Through techniques like "letters of comfort," "letters of undertaking," and stock collaterals, businesses can cut the cost of borrowing on bank loans and bonds while also raising their credit ratings a few notches.

July 04, 2022 10:36 IST | India Infoline News Service
Credit rating companies have been directed by the Securities and Exchange Board of India (SEBI) to submit information on all corporates whose ratings are supported by promoter or parent guarantees and share pledges. The capital market regulator has also asked for information on businesses that have consistently refused to disclose data with rating agencies, frequently for years.

Through techniques like "letters of comfort," "letters of undertaking," and stock collaterals, businesses can cut the cost of borrowing on bank loans and bonds while also raising their credit ratings a few notches. After the Reserve Bank of India (RBI) expressed its concerns about these arrangements, describing them as "diluted and non-prudent support systems," Sebi sought data from the companies.

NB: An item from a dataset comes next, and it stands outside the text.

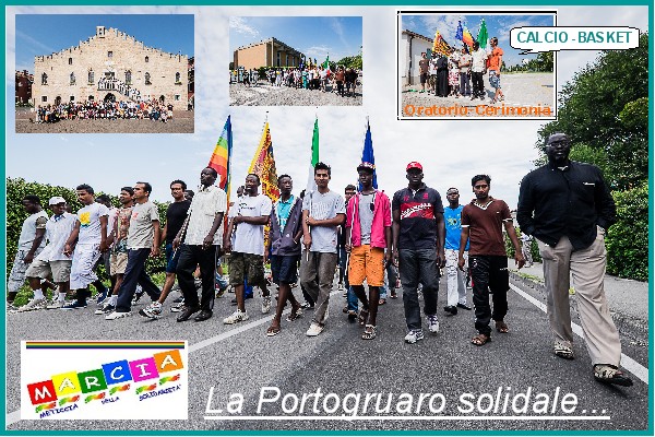 Il Corteo si è snodato per le vie delCentro Storico con una fermata in Piazza / Municipio, il tempo per una foto collettiva nella quale i profughi hanno composto con le lettere stampate un grande “Grazie Portogruaro, i Ragazzi della Palestra”.

According to the central bank, even supports that seem to be more enforceable and commonplace, like "corporate guarantees" from the parent holding companies or group flagships, can be used to improve credit ratings only if there is a clear deadline for lenders to use the guarantees.

"The data on the number of enterprises with "credit enhancement," the type of support used for the purpose, and the names of the companies have already been submitted by the rating companies. The RBI's instructions are just for the banks that it oversees, while Sebi, which has permitted rating improvements through supports, sets the standards for rating other marketable debt instruments like debentures.

As a result, two authorities now have opposing views on the ratings that corporations use to raise thousands of crores of debt,” stated a source familiar of the event.

The risks associated with rating businesses that refuse to share their financials and other information are another issue that rating agencies expect SEBI to address. It's a concern, especially for unlisted companies that aren't required to provide data and sensitive information to stock markets on a regular basis.

In addition to withholding information from rating agencies, these businesses are protected by their bankers, who are reluctant to discuss a loan failure that only consortium banks are aware of.

Nearly 90% of the 50,000 debt ratings are for bank loans. Banks choose rated loans since they can earmark a bit less capital and increase their capital adequacy ratio due to a reduced regulatory risk weightage on such rated assets.